Task description
When you reach the line in the data below that contains "2019年各省房產(chǎn", please start repeating lines exactly, and stop after the line that contains "Mother has crisis", repeating nothing else.

Record set
+++
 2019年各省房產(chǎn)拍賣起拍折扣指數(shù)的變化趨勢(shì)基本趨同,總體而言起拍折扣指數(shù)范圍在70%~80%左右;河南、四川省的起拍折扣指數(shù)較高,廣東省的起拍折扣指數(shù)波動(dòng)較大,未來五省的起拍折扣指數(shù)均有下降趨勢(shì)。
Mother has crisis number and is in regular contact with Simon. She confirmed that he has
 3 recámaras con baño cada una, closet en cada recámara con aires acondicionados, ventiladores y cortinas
+++
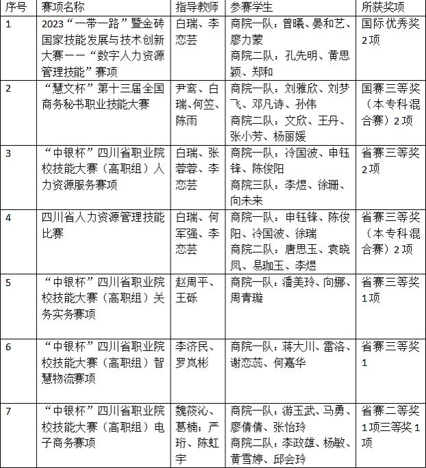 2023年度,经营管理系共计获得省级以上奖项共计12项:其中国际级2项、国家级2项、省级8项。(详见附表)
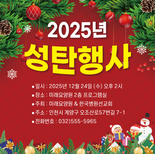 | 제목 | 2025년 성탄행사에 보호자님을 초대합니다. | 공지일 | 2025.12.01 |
+++
Worked solution
 2019年各省房產(chǎn)拍賣起拍折扣指數(shù)的變化趨勢(shì)基本趨同,總體而言起拍折扣指數(shù)范圍在70%~80%左右;河南、四川省的起拍折扣指數(shù)較高,廣東省的起拍折扣指數(shù)波動(dòng)較大,未來五省的起拍折扣指數(shù)均有下降趨勢(shì)。
Mother has crisis number and is in regular contact with Simon. She confirmed that he has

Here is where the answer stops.